6. Use GROUPING() to Identify Summary Rows

GROUPING(column) returns 1 when the column's NULL indicates a summary row (not real NULL data). Pair it with CASE to produce clean labels:

CASE GROUPING(branch_name)
    WHEN 1 THEN '--- All Branches ---'
    ELSE branch_name
END

7. LEFT JOIN + Aggregation Requires Care

When using LEFT JOIN with GROUP BY: - Use COUNT(right_table.column) instead of COUNT() to get correct zero counts. - Place right-table filters in the ON clause, not WHERE, to preserve unmatched rows. - Wrap aggregates in COALESCE* to prevent NULL totals for unmatched groups.


8. The Standard Reporting Pattern

The majority of real-world reporting queries follow this template:

SELECT descriptive_columns, aggregate_functions
FROM main_table
JOIN lookup_tables ON ...
WHERE row_level_filters
GROUP BY descriptive_columns
HAVING group_level_filters
ORDER BY presentation_order

Join first to get human-readable names. Filter before grouping. Group. Filter groups. Order for presentation.


9. Performance Essentials

  • Filter early: WHERE before GROUP BY reduces the data that needs to be sorted or hashed.
  • Covering indexes: If every column in the query exists in an index, DB2 can use index-only access.
  • SORTHEAP: GROUP BY often triggers sorts. If sorts overflow to disk, increase the SORTHEAP parameter.
  • Materialized Query Tables (MQTs): For frequently-run reports on large tables, pre-compute the aggregation and query the summary instead.

10. Conditional Aggregation Is Your Most Versatile Tool

SUM(CASE WHEN condition THEN value ELSE 0 END)

This pattern lets you split one column into multiple aggregated buckets in a single pass.
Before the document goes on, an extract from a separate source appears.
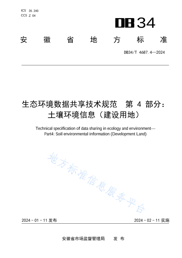 本文件按照GB/T 1.1—2020《标准化工作导则 第1部分:标准化文件的结构和起草规则》的规定起草。 本文件为 DB34/T 4687《生态环境数据共享技术规范》的第4部分。DB34/T 4687 已经发布了以下部分: ——第1部分:排污单位自动监测; ——第2部分:大气环境质量; ——第3部分:地表水环境质量; ——第4部分:土壤环境信息(建设用地)。 请注意本文件的某些内容可能涉及专利。本文件的发布机构不承担识别专利的责任。 本文件由安徽省生态环境厅提出并归口。 本文件起草单位:安徽省环境信中心、安徽省合肥生态环境监测中心、安徽省大数据中心、安徽省生态环境科学研究院。

Use it for credits vs. debits, checking vs. savings breakdowns, and any report that pivots data without a PIVOT operator.


One-Line Summaries by Section

Section One-Line Summary
7.1 Aggregate functions collapse many rows into one value; know the three forms of COUNT.
7.2 GROUP BY partitions rows into buckets; every SELECT column must be grouped or aggregated.
7.3 WHERE filters rows before grouping; HAVING filters groups after aggregation.
7.4 All aggregates except COUNT(*) ignore NULLs; use COALESCE defensively.
7.5 GROUPING SETS produce custom multi-level summaries in one pass.
7.6 ROLLUP produces hierarchical subtotals: N columns yield N+1 levels.
7.7 CUBE produces every combination: N columns yield 2^N levels.
7.8 GROUPING() distinguishes summary NULLs from data NULLs.
7.9 Join tables for descriptive columns, then aggregate — the standard reporting pattern.
7.10 Meridian Bank reports combine conditional SUM, ROLLUP, and multi-table joins.
7.11 Filter early, use covering indexes, size SORTHEAP, and consider MQTs for large tables.